Saved entries

───

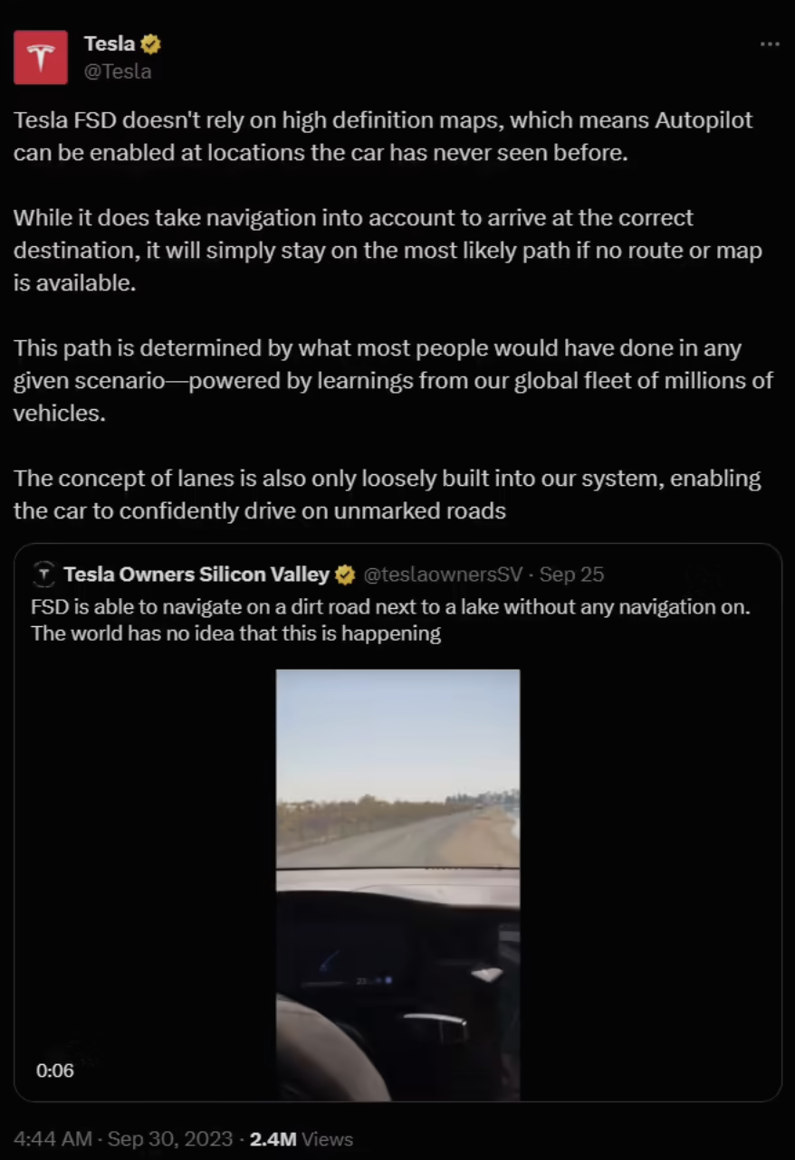 特斯拉表示:特斯拉 FSD 不依赖高清地图,这意味着 Autopilot 可以在汽车以前从未见过的地方启用。
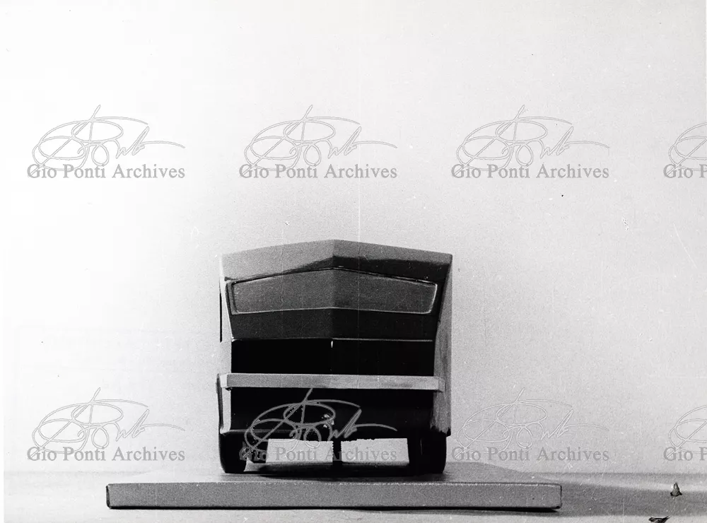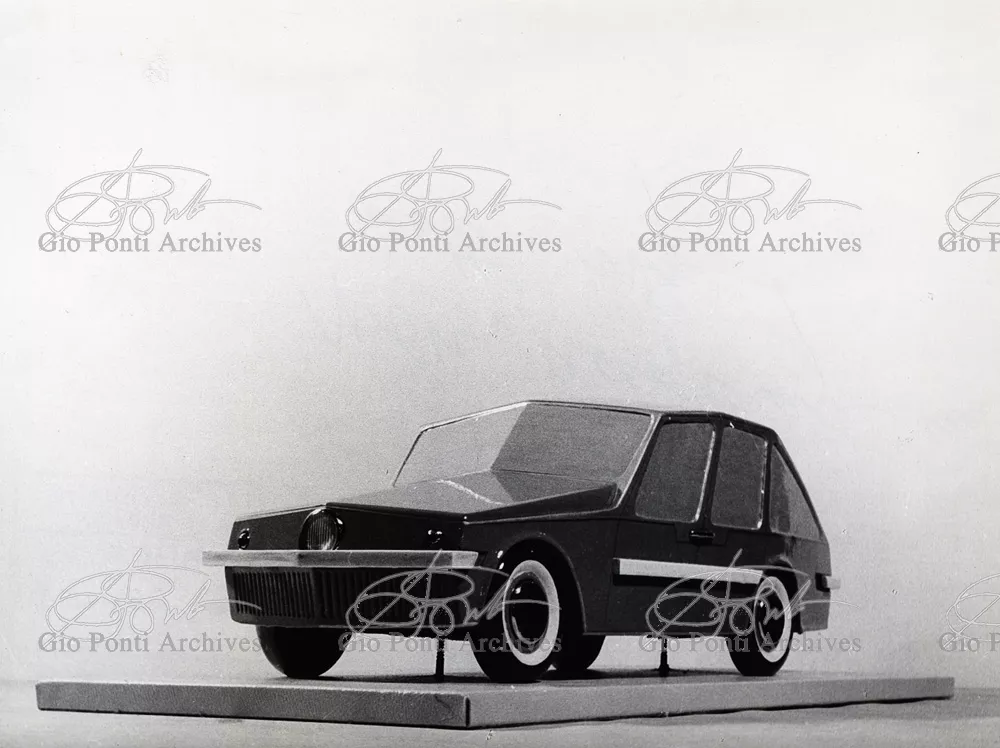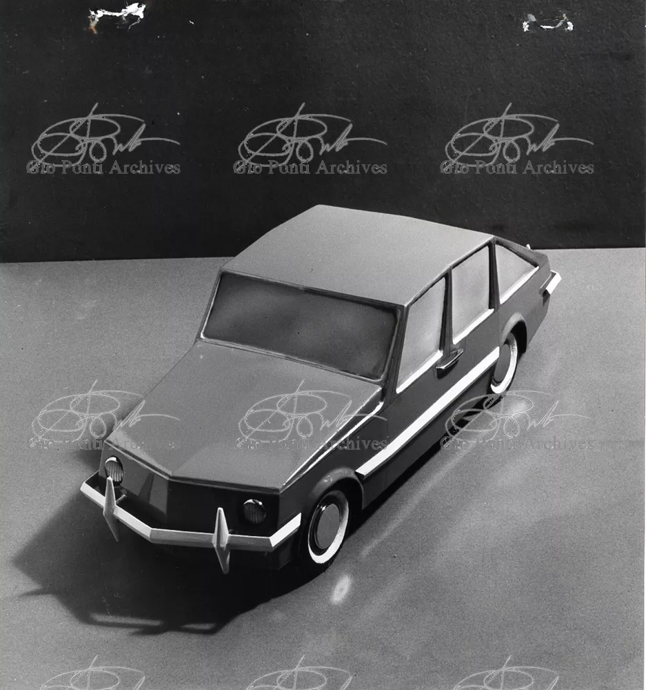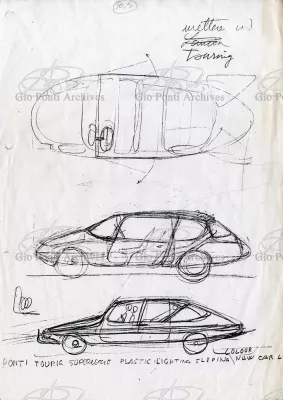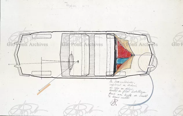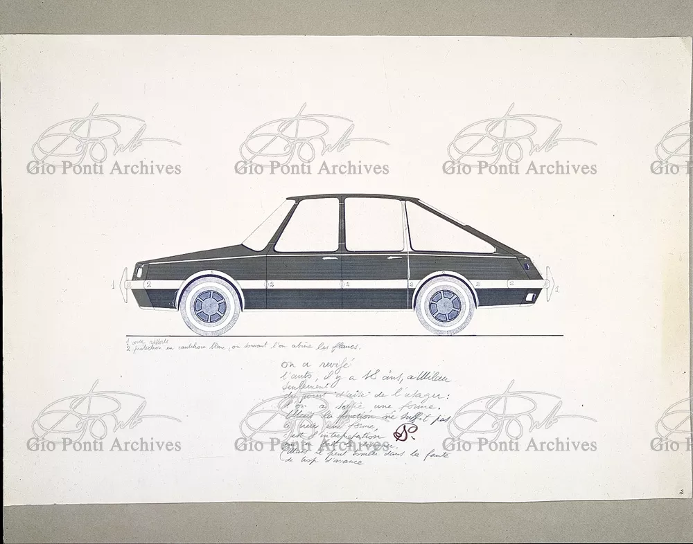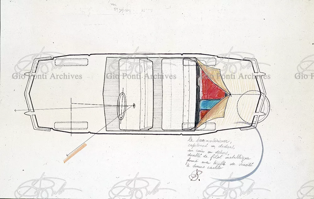 Gio Ponti had devised this form in reaction to the cars of that time, swollen, full of empty spaces, (borax, as Edgar Kaufmann used to say) with very high radiators, tiny windows, and dark interiors. It was a form ahead of its time: the body sheets are flat, not curved stiffened with folds and not ribs; the hood is low, the windows are very large, the back seats are adjustable like in airplanes, as people used to say at the time, the trunk is extremely capacious, accessible from the inside and separate from the spare wheel housing; the interior is spacious, bright, and filled with pockets. One innovation: the bumper made of rubber (provided with spring buffers at front and rear) that runs right round the car.
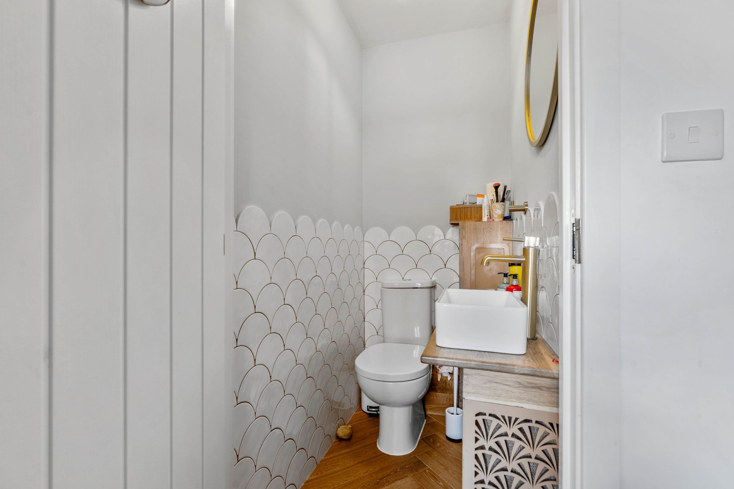 There is a modern downstairs WC and wash hand basin with vanity unit off the hallway and internal door provides access into a large utility area with ample space and plumbing for washing machine and tumble dryer.
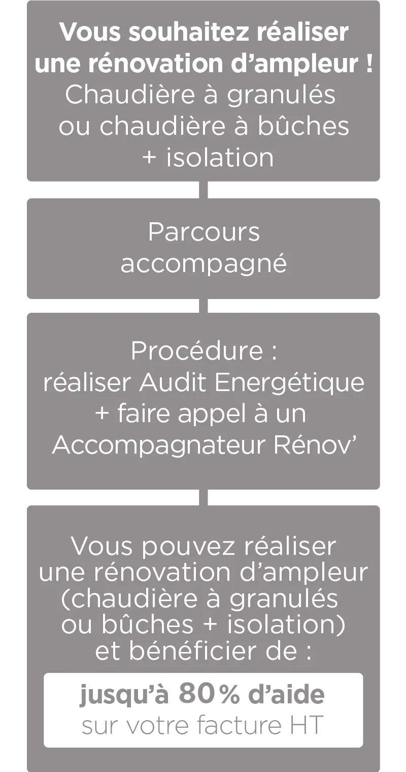 Vous envisagez une rénovation d’ampleur pour votre logement, incluant l'installation d'une chaudière à granulés de bois ou d’une chaudière bûches ainsi que l'isolation de tout ou partie de votre maison ?
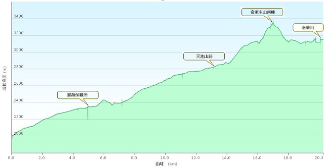 D1:屯原登山口至->天池山莊->奇萊南峰&南華山之步行高度示意圖
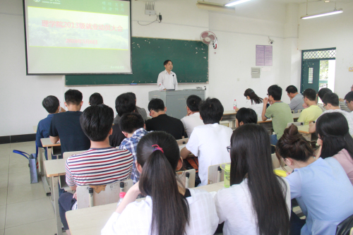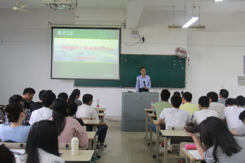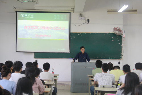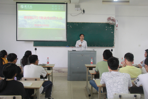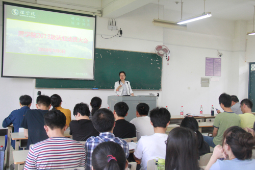 校友翁异静(现我校经管学院教师)应邀出席。参加会议的还有毕业班班主任、辅导员以及2013级全体学生。会议由辅导员石大力主持。

───

_EXERCISE DESCRIPTION_: Print only the lines from the first line of the data above through the one containing "There is a modern", exactly as they are, with pictures omitted.

_SOLUTION FOR THIS TASK_:
 特斯拉表示:特斯拉 FSD 不依赖高清地图,这意味着 Autopilot 可以在汽车以前从未见过的地方启用。
 Gio Ponti had devised this form in reaction to the cars of that time, swollen, full of empty spaces, (borax, as Edgar Kaufmann used to say) with very high radiators, tiny windows, and dark interiors. It was a form ahead of its time: the body sheets are flat, not curved stiffened with folds and not ribs; the hood is low, the windows are very large, the back seats are adjustable like in airplanes, as people used to say at the time, the trunk is extremely capacious, accessible from the inside and separate from the spare wheel housing; the interior is spacious, bright, and filled with pockets. One innovation: the bumper made of rubber (provided with spring buffers at front and rear) that runs right round the car.
 There is a modern downstairs WC and wash hand basin with vanity unit off the hallway and internal door provides access into a large utility area with ample space and plumbing for washing machine and tumble dryer.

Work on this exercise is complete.